On Tuesday (November 10) there was a precipitous drop in the amount of Internet spam after a company called McColo had its internet connections severed by its Internet Service Providers (ISPs). Mike Corn is the chief privacy and security officer for the Illinois campus. Corn discussed spam and how it's stopped with News Bureau Director Jeff Unger.
We think of the Internet as generally unregulated. How was this particular company identified as a problem?
Much of what is either troubling or just plain annoying about the Internet is regulated, for example, much of the SPAM sent over the Internet violates the CAN-SPAM Act of 2003 . However the sheer volume of Internet traffic overwhelms any hope of a comprehensive response from Law Enforcement Agencies.

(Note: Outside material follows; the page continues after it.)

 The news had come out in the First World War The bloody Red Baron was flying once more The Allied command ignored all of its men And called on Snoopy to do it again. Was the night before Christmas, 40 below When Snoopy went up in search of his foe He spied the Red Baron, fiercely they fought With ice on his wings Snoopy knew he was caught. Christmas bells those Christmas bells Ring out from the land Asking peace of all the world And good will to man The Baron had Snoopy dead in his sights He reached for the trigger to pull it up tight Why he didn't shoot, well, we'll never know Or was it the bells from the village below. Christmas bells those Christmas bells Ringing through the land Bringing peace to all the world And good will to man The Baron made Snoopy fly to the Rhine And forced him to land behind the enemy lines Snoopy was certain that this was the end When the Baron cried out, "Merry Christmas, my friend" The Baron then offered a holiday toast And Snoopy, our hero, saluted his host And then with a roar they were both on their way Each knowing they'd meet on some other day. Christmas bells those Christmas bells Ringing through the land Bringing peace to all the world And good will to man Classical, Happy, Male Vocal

From 2000 to 2008 the number of computers on the Internet increased from 70 million to over 570 million and by 2007 the number of SPAM email messages sent per day reached 100 billion. Our campus alone receives 30-60 million spam messages per day. Consequently it is only those organizations that are really large and deeply criminal that receive adequate attention.

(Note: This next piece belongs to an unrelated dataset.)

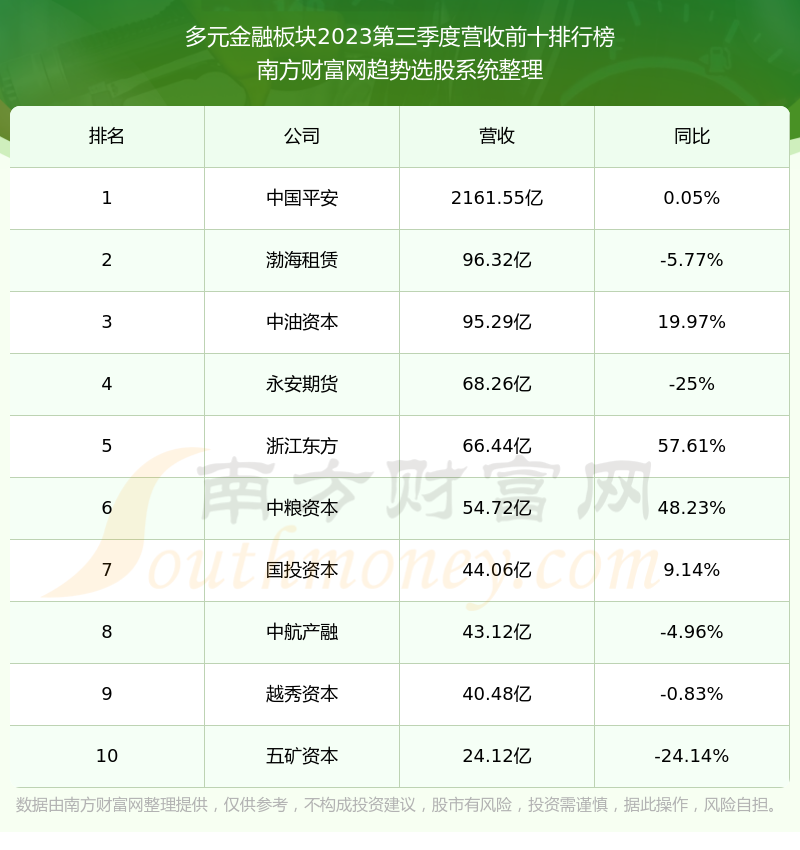 按照南方财富网趋势选股系统统计,该股所属板块为多元金融板块,该板块共有35只股票,爱建集团2023第三季度营收在该板块中排名为第19名,该板块2023第三季度营收排名前十的股票如下表:
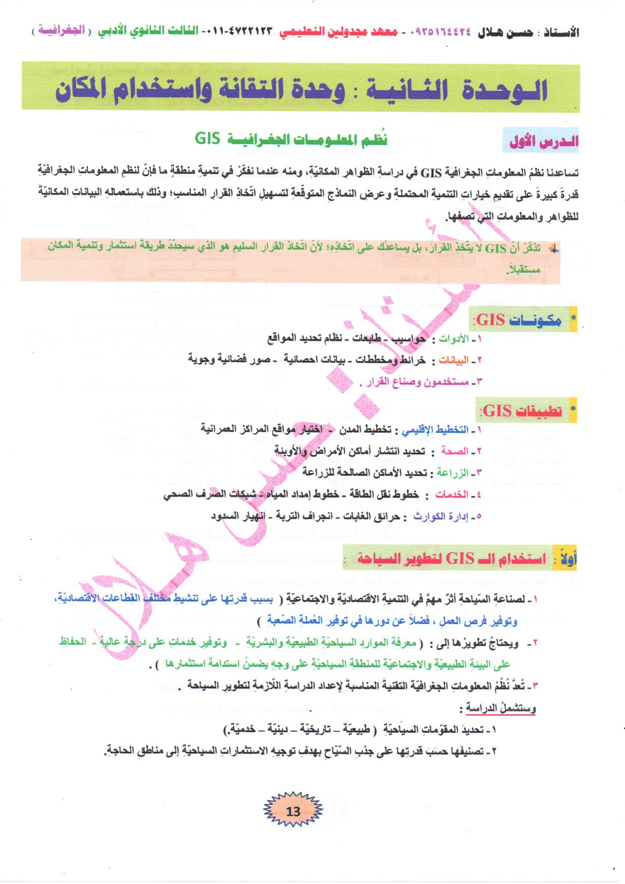 الوحدة الثانية نظم المعلومات الجغرافية Gis في الجغرافية بكالوريا سوريا 2021

In the case of McColo Corporation, their primary Internet service providers (the companies that provided them with their connection to the Internet) were contacted by a private security firm with extensive evidence of illegal activity stemming from McColo controlled networks. The speed with which they responded leads me to believe the full story hasn't yet broken.

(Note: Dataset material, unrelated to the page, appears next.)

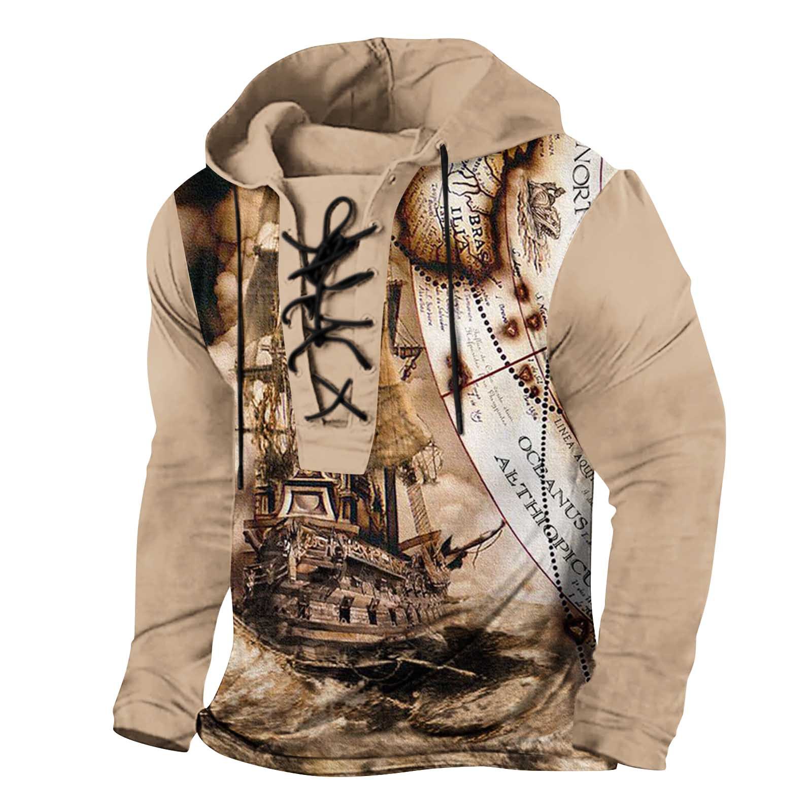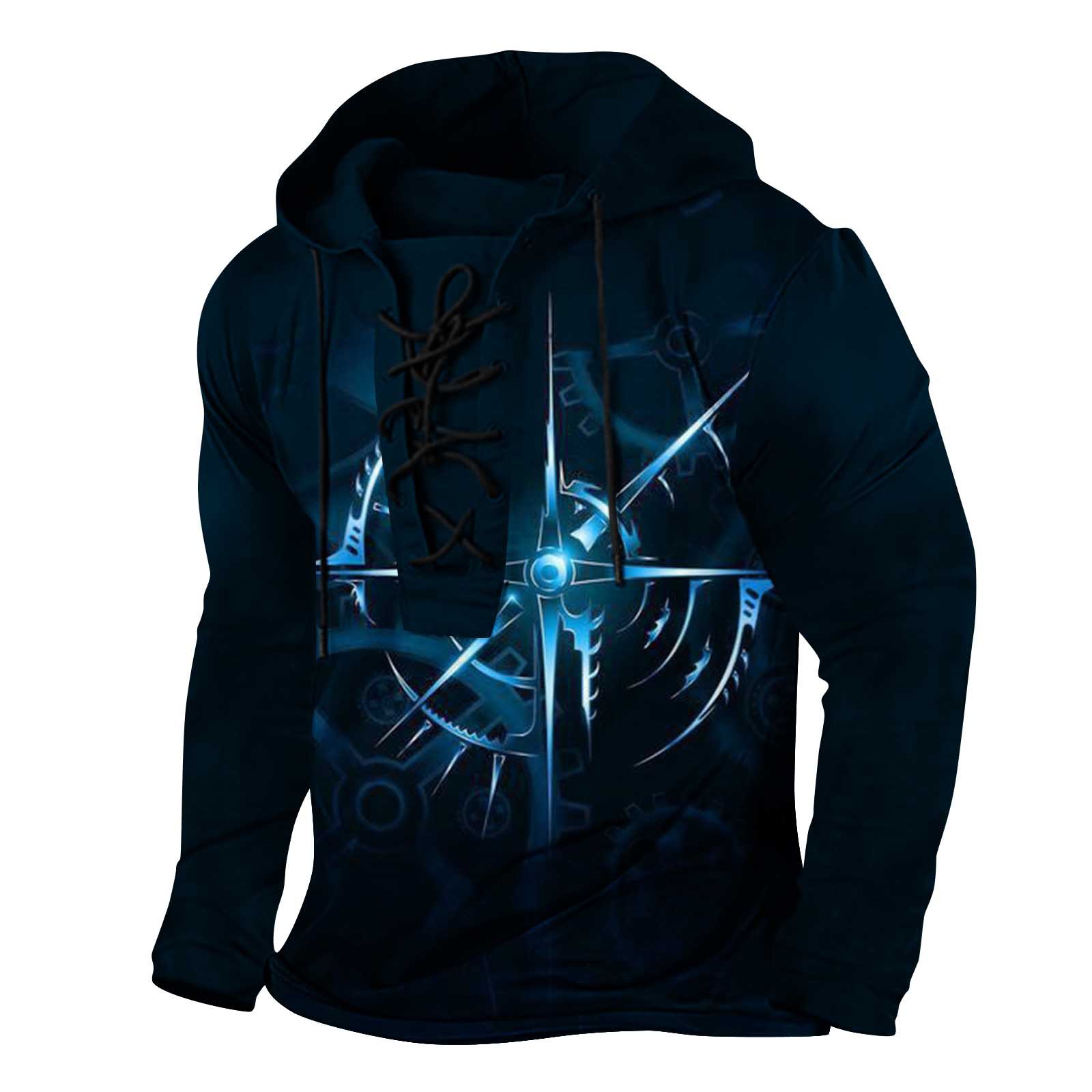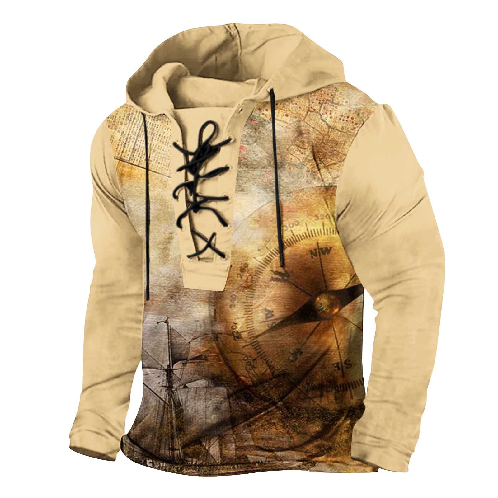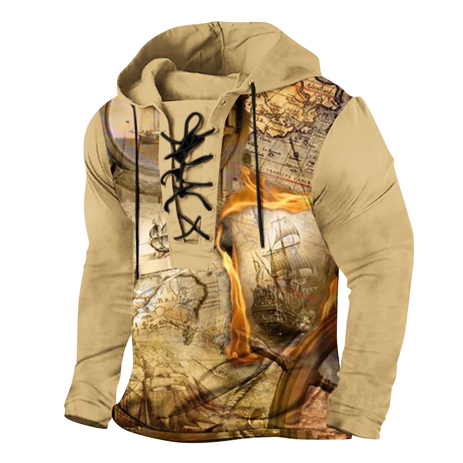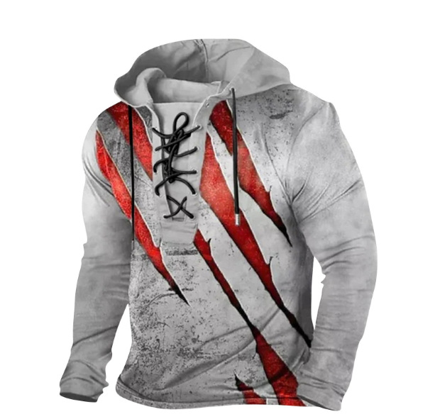 Главная страница > Зимняя трансграничная европейская и американская мужская экспортная ретро футболка с цифровой печатью на шнуровке большого размера с капюшоном и длинными рукавами, мужская одежда

What agency has the authority to pull the plug on an Internet Service Provider, and how does an agency do that?
While Internet regulation is murky at best (it involves the Department of Commerce and several corporations that act on behalf of the U.S. Government as well as other global interests) the ISPs servicing McCole apparently decided they didn't want to be associated with them and dropped them as a client. As far as we know no government agency had to intervene.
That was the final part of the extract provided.